2 II. Because Plaintiff is proceeding in forma pauperis, the Court must review the complaint under 28 U.S.C. § 1915(e). McGore v. Wrigglesworth, 114 F.3d 601, 608–09 (6th Cir. 1997), overruled on other grounds by Jones v. Bock, 549 U.S. 199 (2007). On review, a district court must dismiss a case at any time if it determines that the action is frivolous or malicious, fails to

state a claim upon which relief may be granted, or seeks monetary relief from a defendant who is immune from such relief. 28 U.S.C. § 1915(e)(2)(B). Although courts are to hold pro se pleadings “to less stringent standards than formal pleadings drafted by lawyers,” Haines v. Kerner, 404 U.S. 519 (1972), this duty to be less stringent “does not require [the Court] to conjure up unpled allegations,” McDonald v. Hall, 610 F.2d 16, 19 (1st Cir. 1979), or to create a claim for a plaintiff. Clark v. Nat’l Travelers Life Ins. Co., 518 F.2d 1167, 1169 (6th Cir. 1975). To command otherwise would require courts “to explore exhaustively all potential claims of a pro se plaintiff, [and] would also transform the district court from its legitimate advisory role to the improper role of an advocate seeking out the strongest

arguments and most successful strategies for a party.” Beaudett v. City of Hampton, 775 F.2d 1274, 1278 (4th Cir. 1985). In order to survive dismissal for failure to state a claim, “a complaint must contain sufficient factual matter, accepted as true, to ‘state a claim to relief that is plausible on its face.’” Ashcroft v. Iqbal, 556 U.S. 662, 678 (2009) (quoting Bell Atl. Corp. v. Twombly, 550 U.S. 544, 570 (2007)). “A claim has facial plausibility when the plaintiff pleads factual content that allows the court to draw the reasonable inference that the defendant is liable for the misconduct alleged.” Id. (citing Twombly, 550 U.S. at 556). “[A] district court must (1) view the complaint in the light most favorable to the plaintiff and (2) take all well-pleaded factual allegations as true.” Tackett v. 3 M & G Polymers, USA, LLC, 561 F.3d 478, 488 (6th Cir. 2009) (citing Gunasekera v. Irwin, 551 F.3d 461, 466 (6th Cir. 2009) (citations omitted)). “A pleading that offers ‘labels and conclusions’ or ‘a formulaic recitation of the elements of a cause of action will not do.’ Nor does a complaint suffice if it tenders ‘naked assertion[s]’ devoid of ‘further factual enhancement.’” Iqbal, 556 U.S. at 678 (quoting Twombly, 550 U.S. at 555, 557).

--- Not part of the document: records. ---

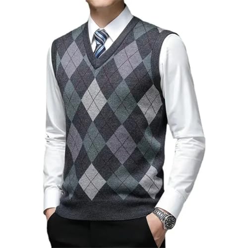 HOT ! Men's V-Neck Diamond Lattice Wool Vest for Business and Casual Wear Standard Thickness Argyle Pattern
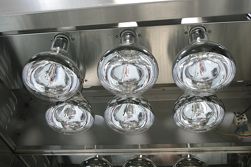 Нагрев продуктов осуществляется с помощью 4 ИК-ламп мощностью 375 Вт каждая, расположенных в верхней части витрины. Все элементы, соприкасающиеся с продуктами, изготовлены из нержавеющей стали AISI 304.
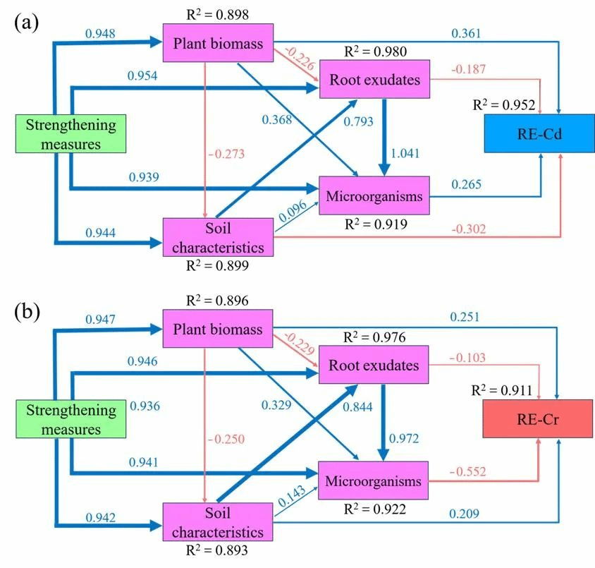 由Spearson相关系数显示,Proteobacteria、Gemmatimonadota、Basidiomycota、琥珀酸和水杨酸与土壤Cd或Cr有效态含量呈显著正相关(P<0.05)(图4)。结构方程模型分析表明,强化措施(EDDS施用和P. indica接种)不仅对Cd和Cr的去除效率有直接影响,还通过刺激植物生长、改变土壤理化性质、影响根系分泌物组成和土壤微生物群落结构来间接影响Cd和Cr的去除效率(图5)。
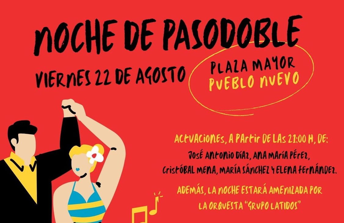 El próximo viernes 22 de agosto, a partir de las 21:00 horas, los amantes del pasodoble tienen una cita en la Plaza Mayor de Pueblo Nuevo. Se trata de la actividad “Noche de Pasodoble”, donde también se sortearán premios.

III. A. 18 U.S.C. § 242 Plaintiff alleges a violation of 18 U.S.C. § 242 which is a criminal statute that does not give rise to any private civil cause of action. See Alexander v. Sandoval, 532 U.S. 275, 286 (2001) (“Like substantive federal law itself, private rights of action to enforce federal law must be created by Congress.”).